## [INFORMATION SUPPLIED]
◆ ◆ ◆

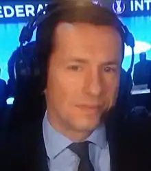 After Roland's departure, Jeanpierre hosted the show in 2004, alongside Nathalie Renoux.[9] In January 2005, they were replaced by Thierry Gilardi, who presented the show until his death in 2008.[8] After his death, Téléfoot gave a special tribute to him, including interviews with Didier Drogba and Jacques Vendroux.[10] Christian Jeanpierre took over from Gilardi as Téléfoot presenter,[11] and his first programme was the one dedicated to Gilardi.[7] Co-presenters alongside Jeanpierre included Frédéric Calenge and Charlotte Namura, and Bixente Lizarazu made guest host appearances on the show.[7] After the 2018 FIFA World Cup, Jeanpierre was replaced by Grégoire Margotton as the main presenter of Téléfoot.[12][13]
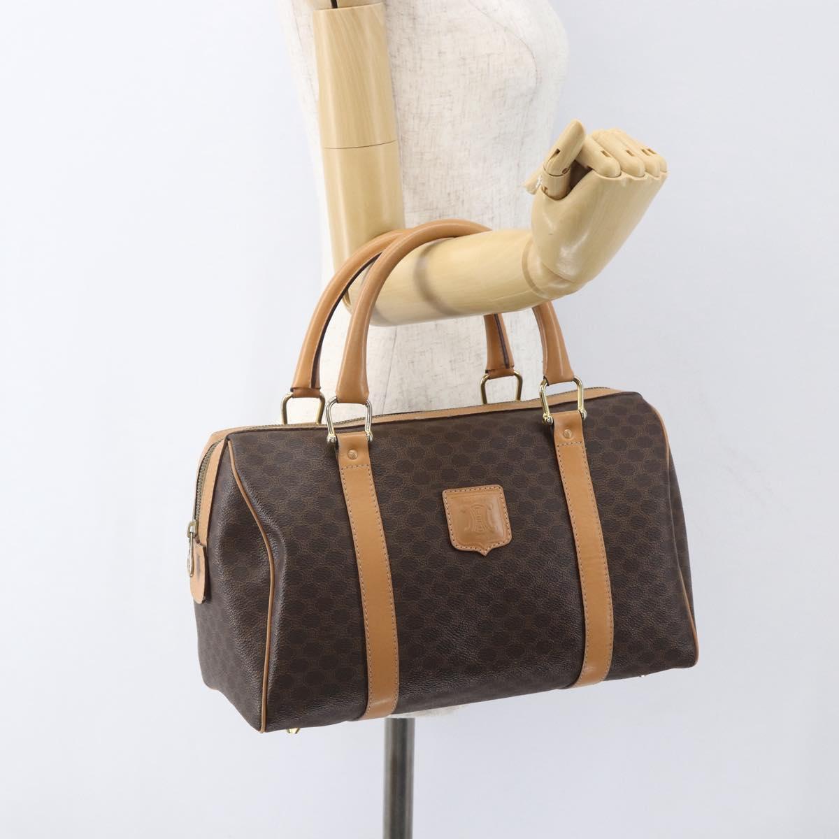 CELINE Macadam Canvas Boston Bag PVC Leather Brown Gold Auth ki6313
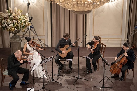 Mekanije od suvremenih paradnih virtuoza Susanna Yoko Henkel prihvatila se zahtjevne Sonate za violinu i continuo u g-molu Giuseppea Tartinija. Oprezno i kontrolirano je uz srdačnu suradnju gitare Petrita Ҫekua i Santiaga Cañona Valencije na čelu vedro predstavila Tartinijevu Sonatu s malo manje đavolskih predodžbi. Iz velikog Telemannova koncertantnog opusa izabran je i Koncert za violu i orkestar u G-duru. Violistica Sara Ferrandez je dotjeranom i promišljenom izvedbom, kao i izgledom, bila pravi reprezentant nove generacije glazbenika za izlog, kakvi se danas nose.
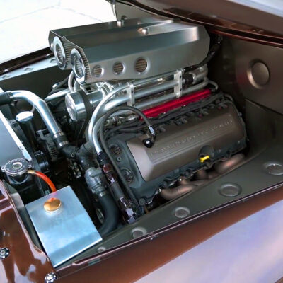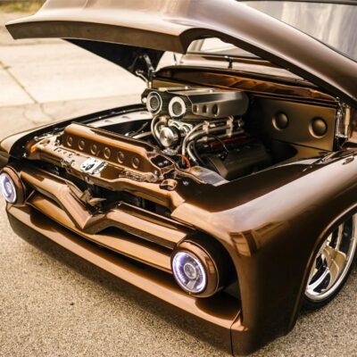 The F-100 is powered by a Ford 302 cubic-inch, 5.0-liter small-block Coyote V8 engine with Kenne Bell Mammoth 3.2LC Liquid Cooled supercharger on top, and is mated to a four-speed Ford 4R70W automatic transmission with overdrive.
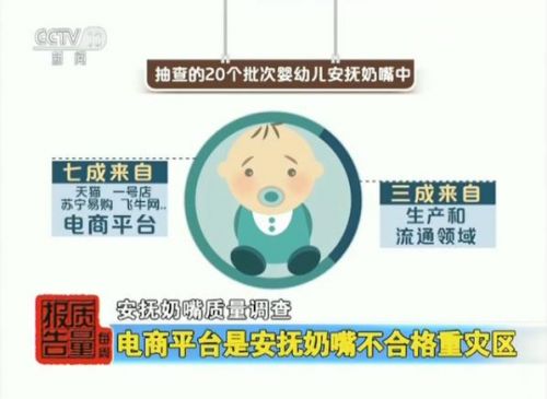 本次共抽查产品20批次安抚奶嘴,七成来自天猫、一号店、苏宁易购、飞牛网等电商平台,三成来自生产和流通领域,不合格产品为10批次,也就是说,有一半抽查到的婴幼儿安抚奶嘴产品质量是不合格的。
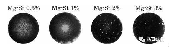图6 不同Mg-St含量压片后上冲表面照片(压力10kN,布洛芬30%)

◆ ◆ ◆

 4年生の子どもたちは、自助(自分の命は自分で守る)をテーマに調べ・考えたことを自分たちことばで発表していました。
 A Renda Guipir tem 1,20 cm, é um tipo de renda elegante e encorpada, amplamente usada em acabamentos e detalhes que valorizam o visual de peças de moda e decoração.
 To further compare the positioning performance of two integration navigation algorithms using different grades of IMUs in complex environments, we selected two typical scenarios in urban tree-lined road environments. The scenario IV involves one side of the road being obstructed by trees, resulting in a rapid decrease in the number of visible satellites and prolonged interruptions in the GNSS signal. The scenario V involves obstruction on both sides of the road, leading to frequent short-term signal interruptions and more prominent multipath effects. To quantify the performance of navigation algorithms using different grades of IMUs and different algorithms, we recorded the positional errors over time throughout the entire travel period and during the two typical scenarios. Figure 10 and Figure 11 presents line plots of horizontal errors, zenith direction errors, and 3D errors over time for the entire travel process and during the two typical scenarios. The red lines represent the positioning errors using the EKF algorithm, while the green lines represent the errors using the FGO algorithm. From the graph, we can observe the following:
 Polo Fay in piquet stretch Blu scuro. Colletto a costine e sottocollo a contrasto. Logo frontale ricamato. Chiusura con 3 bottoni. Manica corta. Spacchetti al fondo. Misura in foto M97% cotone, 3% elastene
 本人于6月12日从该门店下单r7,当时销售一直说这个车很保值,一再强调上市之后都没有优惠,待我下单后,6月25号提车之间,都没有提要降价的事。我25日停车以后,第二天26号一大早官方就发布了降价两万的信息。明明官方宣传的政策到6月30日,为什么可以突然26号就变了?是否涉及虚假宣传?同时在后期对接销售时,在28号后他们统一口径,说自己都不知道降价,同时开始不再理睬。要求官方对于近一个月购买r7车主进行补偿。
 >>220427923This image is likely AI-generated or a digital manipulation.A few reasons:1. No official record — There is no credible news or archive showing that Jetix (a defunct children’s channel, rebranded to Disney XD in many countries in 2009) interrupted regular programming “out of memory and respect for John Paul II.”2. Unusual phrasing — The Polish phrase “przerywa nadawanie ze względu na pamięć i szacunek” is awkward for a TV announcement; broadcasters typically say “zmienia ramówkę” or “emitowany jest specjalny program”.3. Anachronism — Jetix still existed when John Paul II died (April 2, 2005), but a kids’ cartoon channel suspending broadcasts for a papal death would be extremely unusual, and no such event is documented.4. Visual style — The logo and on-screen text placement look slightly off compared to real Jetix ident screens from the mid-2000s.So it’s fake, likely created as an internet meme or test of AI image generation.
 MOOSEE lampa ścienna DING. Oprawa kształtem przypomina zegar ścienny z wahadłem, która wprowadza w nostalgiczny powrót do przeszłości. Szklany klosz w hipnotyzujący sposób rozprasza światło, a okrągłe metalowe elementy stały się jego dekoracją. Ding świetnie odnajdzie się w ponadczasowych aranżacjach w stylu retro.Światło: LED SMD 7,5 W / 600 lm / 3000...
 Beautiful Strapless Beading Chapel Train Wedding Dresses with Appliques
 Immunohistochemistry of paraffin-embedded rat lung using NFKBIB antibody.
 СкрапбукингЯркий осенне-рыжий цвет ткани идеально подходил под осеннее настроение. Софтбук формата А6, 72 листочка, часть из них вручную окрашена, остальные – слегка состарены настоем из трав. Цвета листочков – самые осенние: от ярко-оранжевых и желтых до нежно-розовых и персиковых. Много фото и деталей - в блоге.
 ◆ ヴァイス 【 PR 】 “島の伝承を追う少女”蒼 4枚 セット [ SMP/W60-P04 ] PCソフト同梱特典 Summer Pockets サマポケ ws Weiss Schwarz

◆ ◆ ◆

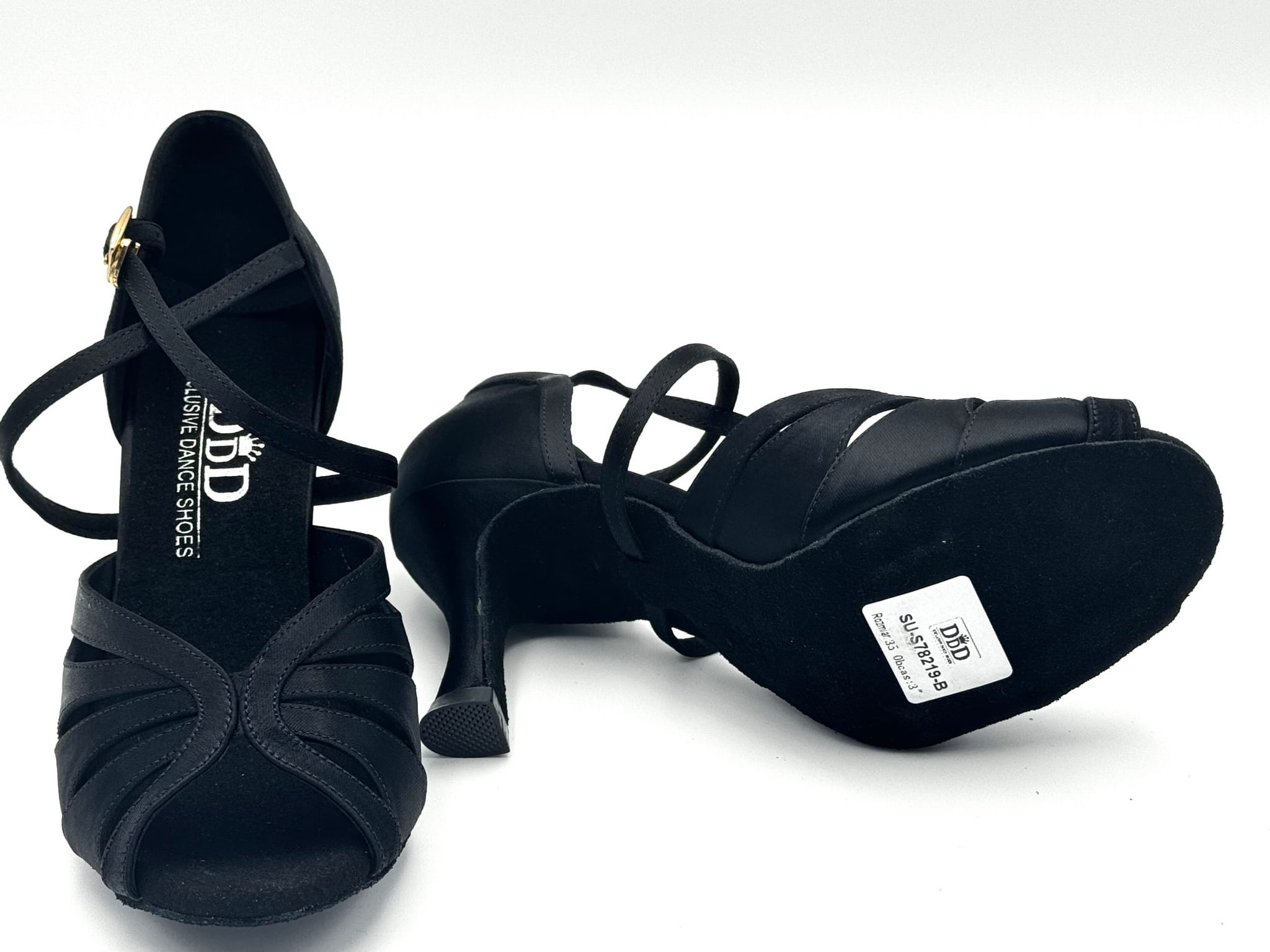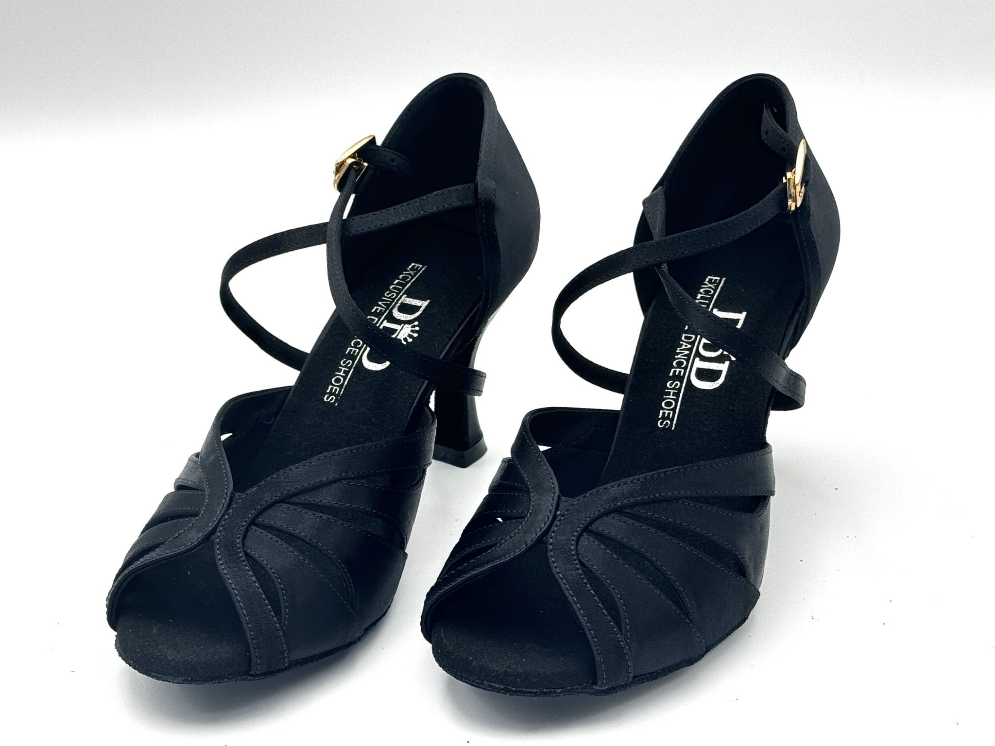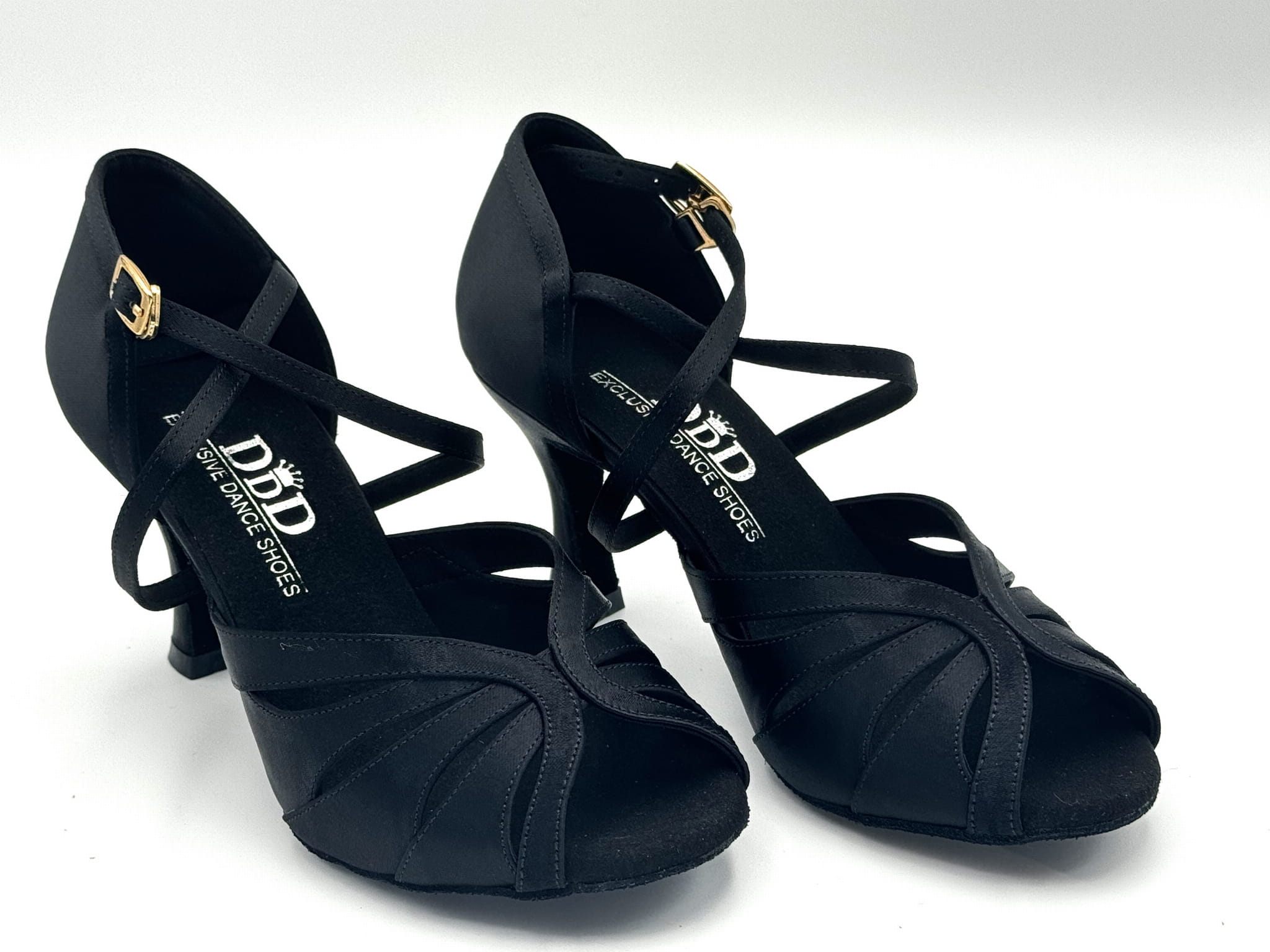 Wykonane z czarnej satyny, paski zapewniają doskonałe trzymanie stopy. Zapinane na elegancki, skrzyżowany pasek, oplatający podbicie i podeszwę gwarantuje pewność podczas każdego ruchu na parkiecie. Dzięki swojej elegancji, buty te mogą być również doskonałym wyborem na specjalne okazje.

◆ ◆ ◆

## [ACTIVITY]
Extract, from the material above, each line holding the word "using".

## [SOLUTION FOR THIS PROBLEM]
 To further compare the positioning performance of two integration navigation algorithms using different grades of IMUs in complex environments, we selected two typical scenarios in urban tree-lined road environments. The scenario IV involves one side of the road being obstructed by trees, resulting in a rapid decrease in the number of visible satellites and prolonged interruptions in the GNSS signal. The scenario V involves obstruction on both sides of the road, leading to frequent short-term signal interruptions and more prominent multipath effects. To quantify the performance of navigation algorithms using different grades of IMUs and different algorithms, we recorded the positional errors over time throughout the entire travel period and during the two typical scenarios. Figure 10 and Figure 11 presents line plots of horizontal errors, zenith direction errors, and 3D errors over time for the entire travel process and during the two typical scenarios. The red lines represent the positioning errors using the EKF algorithm, while the green lines represent the errors using the FGO algorithm. From the graph, we can observe the following:
 Immunohistochemistry of paraffin-embedded rat lung using NFKBIB antibody.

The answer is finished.